Las urgencias y el sentido de la inmediatez de la vida contemporánea, que llegan a hacer insoportable, para buena parte de la población, el ritmo lento y denso de las viejas novelas decimonónicas, de las óperas y representaciones teatrales de varias horas de duración, o simplemente de películas como las de Visconti, Bergman o Tarkovski, gustosos de recrearse en la delectación de la estética, han permitido que aforismos, epigramas, adagios, apotegmas, máximas y sentencias gocen actualmente de un gran predicamento literario. Por no hablar de la invasión de haikus en la actual poesía española o de la proliferación febril de los microrrelatos. A todo eso hay que sumarle, además, la moda de Twitter, esos mensajes cortos y directos que circulan cada día por miles de millones de ordenadores y teléfonos móviles de todo el mundo y que obligan a sus adeptos a ceñir su pensamiento y su expresión a los 140 caracteres, ni uno más, que permite el sistema.

Ya en tiempos de Meleagro de Gádara, que vivió entre los siglos II y I a.C., cuando la vida en las polis griegas gozaba aún de toda su agitación y apogeo, los epigramas fueron muy del gusto de los ciudadanos, como lo demuestra la cantidad de textos sepulcrales o votivos que se recogen en la ‘Antología palatina’: «La isla de Tiro me crió, fue mi tierra materna / el Ática de Asiria, Gádara, y nací de Éucrates / yo, Meleagro, a quien dieron antaño las Musas / el poder cultivar las Gracias menipeas. / Sirio soy. ¿Qué te asombra, extranjero, si el mundo es la patria / en que todos vivimos, paridos por el Caos?», escribe Meleagro. De los griegos pasaron a los romanos, con Catulo y Marcial a la cabeza de una larga lista de escritores de literatura breve. Y de los romanos a todas las etapas de nuestra literatura, con nombres significativamente vinculados al género como los de Baltasar Gracián, Iriarte o Ramón Gómez de la Serna, cuyas greguerías cumplen a la perfección con la fórmula más clásica del género: «brevitas et argutia», es decir: brevedad e ingenio a partes iguales.

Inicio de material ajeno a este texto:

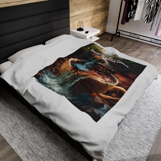 This cozy blanket features a highly surreal design with a large coffee mug overflowing with a river and a waterfall cascading from a mountain landscape. The use of the words 'Dreaming About Coffee' creates a touch of humor and familiarity, and the inclusion of the river, mountains, and leaves brings the design back into nature. Perfect for anyone who loves to snuggle up with a warm blanket and a hot cup of coffee, this blanket is ideal for nature lovers and coffee lovers. It's also a great gift idea on holidays, birthdays, or special occasions.

Cada epigrama, si hablamos de este género poético; cada aforismo, si buscamos la prosa de las sentencias breves y doctrinales; cada adagio, máxima o proverbio… deben ser un aldabonazo en nuestros pensamientos y sentimientos. Cada uno, además, debe tener esa milagrosa capacidad de representar, en lo sintético, las luces y las sombras del tiempo en el que se gestó. Cada cual debe ser un universo, una pequeña obra de arte en sí misma. Como ese inmortal, estremecedor, epitafio del gran Marcial para la tumba de la niña Eroción: «A ti, padre Frontón, y a ti, madre Flacila, os recomiendo esta niña, la delicia de mis labios y de mi corazón. Que la pequeña Eroción no tiemble de miedo ante las tinieblas infernales y las fauces horribles del perro del Tártaro. Hubiera cumplido enseguida los fríos de seis inviernos, si no hubiera ella vivido otros tantos días de menos. Que juegue ella saltarina entre patronos de tantos años y que con su boquita balbuciente charlotee mi nombre. Que un césped suave cubra sus huesos y que tú, tierra, no seas pesada para ella: ella no lo ha sido para ti». ¿Se puede decir más con menos?